Blanchaille gripped the edge of the pulpit. His words no longer seemed to carry through the church. He tapped the microphone. Dead. The bastards had cut his mike. He peered at Mary Muldoon, the red cherries on her hat pulsed in the gloom. The rest of the parishioners stared back at him sullenly. ‘It was at this time that I composed my letter to The Cross,’ Blanchaille yelled. ‘Perhaps you’ve heard of it? In it I said that if the people in the camps prayed for anything they should pray for the bulldozer. Enough of these smooth and resonant phrases, of plump churchmen talking of people living in a manner consonant with human dignity. Disease kills but so does charity, more slowly but just as surely. Flatten the camps, that is freedom! Release their inhabitants to a decent beggary, let them wander the countryside pleading for alms, calling on us to remember what we have done to them!’
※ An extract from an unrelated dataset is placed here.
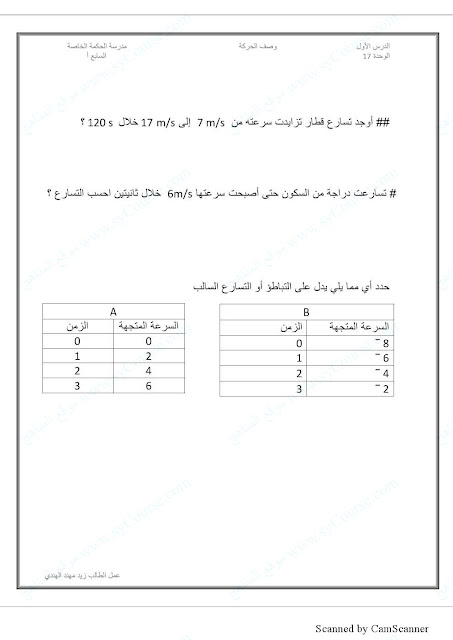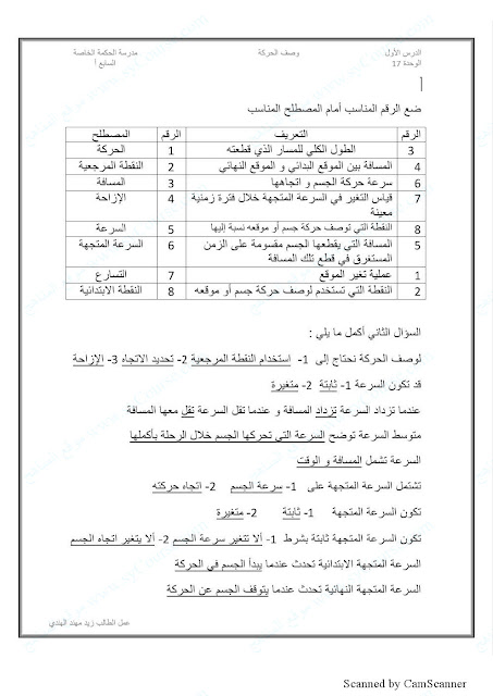معلومات الملف: الصف السابع, الفصل الثالث, علوم, اختبار في درس. (وصف الحركة) | |||

It was his last sermon. After that the siege began.
And Makapan’s second and general objection?
‘You don’t understand our role in history. We are not simply crude racialists of the sort you think – may I say perhaps even hope – that we are. We don’t hate, despise, spit upon black people, not any longer. We recognise our failings. We reach out to embrace them.’ He reached out his big, dusty hands towards Blanchaille’s neck, he flexed the knuckles with the sound of distant rifle fire. ‘You want to condemn us, but the prisoner has left the dock. The old charges against white South Africans have no force anywhere. Everywhere there is change. We are changing.’
Blanchaille shook his head. ‘We are ruined. It’s too late to change. It is time we left, got out.’
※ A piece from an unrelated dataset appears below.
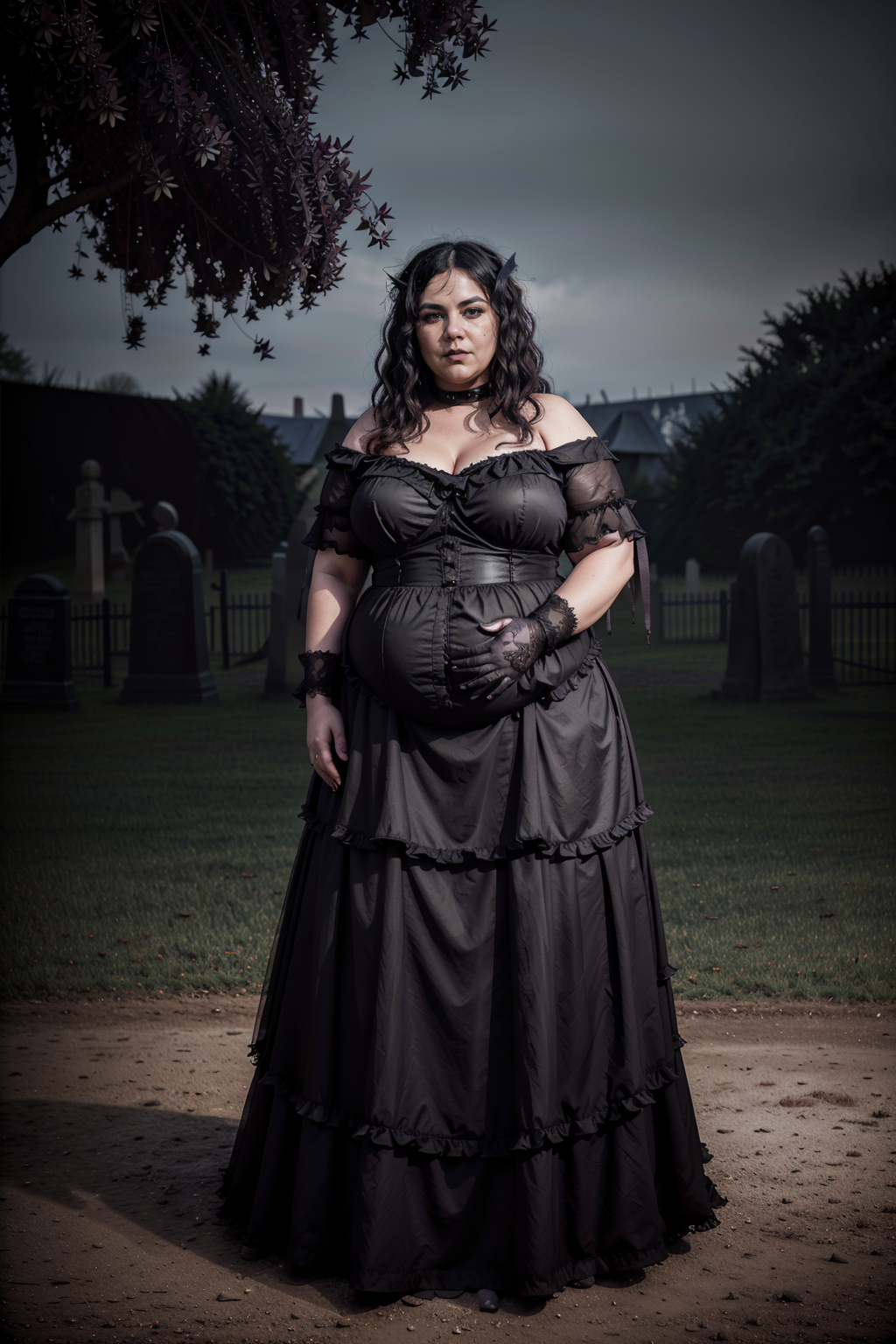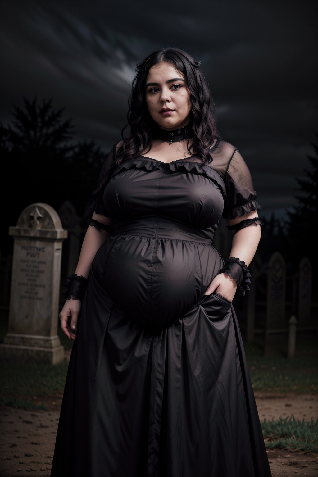 Eleanor and Astoria were born of being asked to make a couple of goth nobodies. I did two classic goth looks. This is the larger one. The training didn't leave her with much of her make-up, but she responds well to gothic make-up prompts. I lost some of the weight in the training, but "fat" works really well.

‘Got out? But Father Blanchaille we have nowhere to go.’
‘There are numbers of places – abroad.’
‘Lies.’
‘And stories of people who have disappeared.’
‘Filthy slanders.’
‘There is even talk of the formation of a government in exile.’
Makapan’s hands descended on his shoulders. ‘No more. Only your dog-collar protects you. There is no other place, no better place this side of the grave, than our country here. I will die for that belief.’
The thumbs, kneading his throat now, suggested that he would kill for that belief too. But Blanchaille was past caring. ‘That is quite probable, Mr Makapan.’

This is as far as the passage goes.